Realisiert wurde das durch die aus dem Erlös des Dorfkalenders erwirtschafteten Einnahmen, die die Anschaffung eines Scanners zur Entwicklung von größtenteils in Vergessenheit geratenen Rollfilm-Negativen ermöglicht hatte, einer Tätigkeit, der sich Karl-Friedrich Marcus während der „Corona-Pause“ gerne angenommen hatte.

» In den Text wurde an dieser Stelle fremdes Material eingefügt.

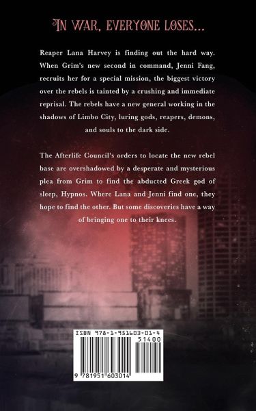 In war, everyone loses... Reaper Lana Harvey is finding out the hard way. When Jenni Fang recruits her for a special mission, the biggest victory over the rebels is followed by a crushing and immediate reprisal. The rebels have a new general working in the shadows of Limbo City, luring gods, reapers, demons, and souls to the dark side. On top of the Afterlife Council's orders to locate the new rebel base, there's Grim's desperate plea to find the abducted Greek god of sleep, Hypnos. Where Lana and Jenni find one, they hope to find the other. But some discoveries have a way of bringing a reaper to her knees. New to Lana and Limbo City? If you love urban fantasy steeped in mythology, dark humor, gritty action, and paranormal romance, begin this series with book one, Graveyard Shift, today! Then check out the spin-off series RETURN TO LIMBO CITY beginning with LIFE AFTER DEATH.

Auf diese Weise war es möglich geworden, bisher verborgen gebliebene Unterlagen aus dem Fundus von Heimatforscher Fritz Gogarten oder auch dem Nachlass des etwa um die Wende vom 19. zum 20. Jahrhunderts in Rönsahl tätigen Fotografen Elbers nicht nur zu sichten, sondern auch zu aussagefähigen Zeitdokumenten aufzuarbeiten. Anhand von Bild- und Schriftmaterial erfuhren die Heimatfreunde so beispielsweise von der ehemaligen Existenz eines sogenannten Läuterhauses, das ehedem und in der Hochzeit der Schwarzpulverfabrikation im Rönsahler Raum zur Aufbereitung von Schwefel und Salpeter als wichtige Bestandteile des weit in die damalige Welt gelieferten Jagd- und Schießpulvers „Diana“ gedient hat.

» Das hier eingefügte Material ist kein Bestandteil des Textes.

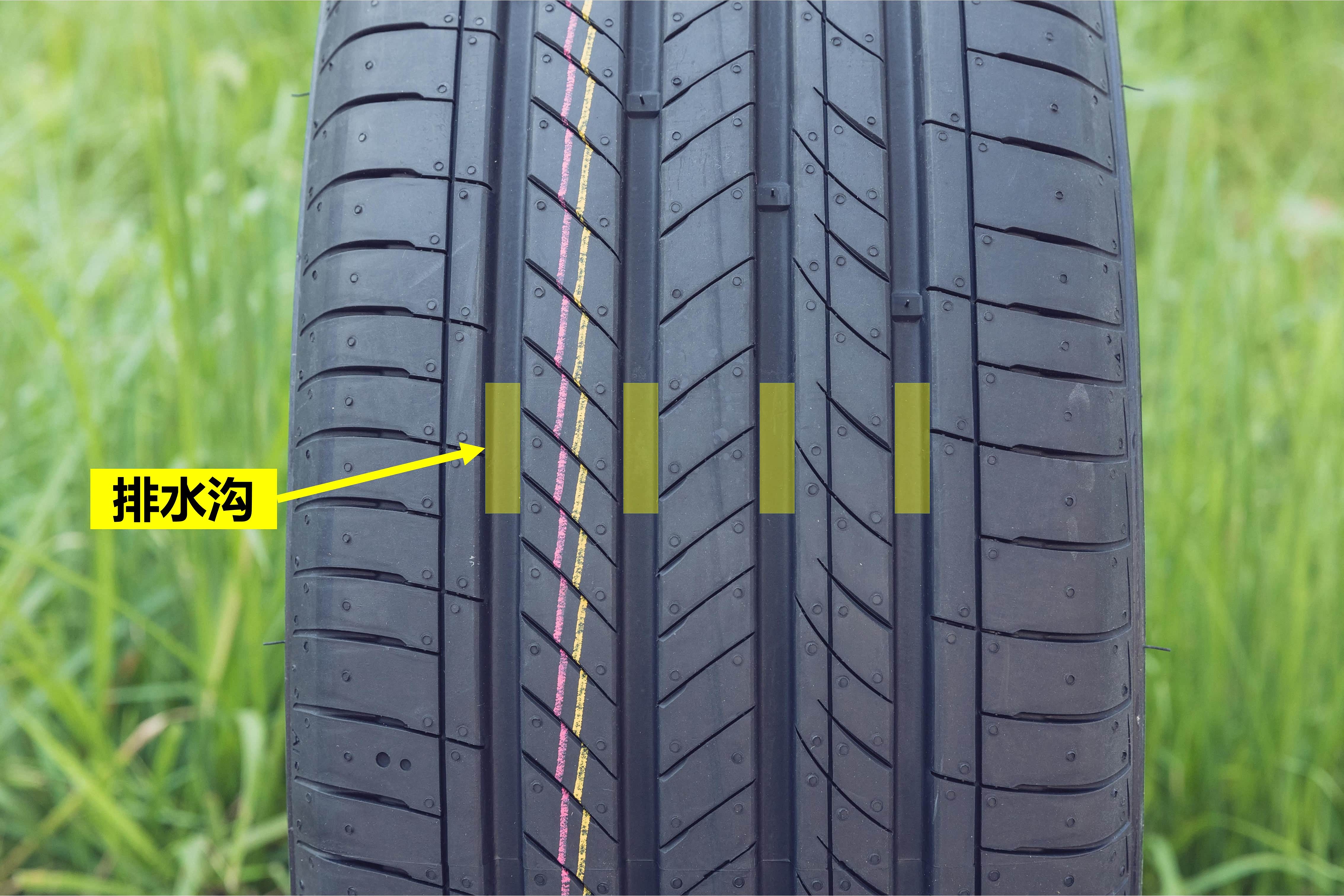 靠外侧的两条沟槽较窄、较浅,有利于提高侧向支撑力。而较宽的中间两条沟槽有利于轮胎通过积水路面时,迅速将积水排出,避免出现水滑效应。

Dieses Läuterhaus hat – entsprechenden Recherchen zufolge – etwa in der Nähe des heutigen Anwesens „Vor dem Isern“ gestanden und wurde seinerzeit, so sagt es der Bericht aus den Aufzeichnungen Gogartens, beim Bau der modernen Fabrikanlage der ehemaligen Firma August Steger in den Jahren nach dem 2. Weltkrieg mit in die damaligen Baumaßnahmen einbezogen.

Blick in vergangene Zeiten

Bilddokumente über eine erfolgte Modernisierung des damals schon 500 Jahre alten und heute leider nicht mehr existenten Hauses Heege, einem der ältesten Anwesen im Ort, festgehalten in Bildern aus der Zeit vor dem 2. Weltkrieg, Bildberichte über die Einquartierung von 60 Soldaten im damaligen Gasthof Vormann, ein Blick auf das einstmals vorhandene und heute längst verschwundene kleine Tagelöhnerhaus in der Ortslage „Am Stockey“, schlossen sich an.

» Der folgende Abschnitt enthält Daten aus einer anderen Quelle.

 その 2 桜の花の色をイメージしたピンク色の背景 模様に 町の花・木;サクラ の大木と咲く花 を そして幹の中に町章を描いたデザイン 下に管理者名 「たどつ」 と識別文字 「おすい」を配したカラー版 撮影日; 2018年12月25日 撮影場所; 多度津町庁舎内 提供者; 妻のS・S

Aussagekräftige Unterlagen über die ehemaligen Arbeitsdienstbaracken „Am Stade“ (heute befindet sich dort das Wohnheim Waldheimat), und so dieses oder jenes Zeitdokument unterschiedlicher Prägung aus dem Dorf- und Vereinsgeschehen vor und nach dem Zweiten Weltkrieg rundeten den unterhaltsamen Abend schließlich ab und weckten die Vorfreude auf das nächste Treffen der Heimatfreunde.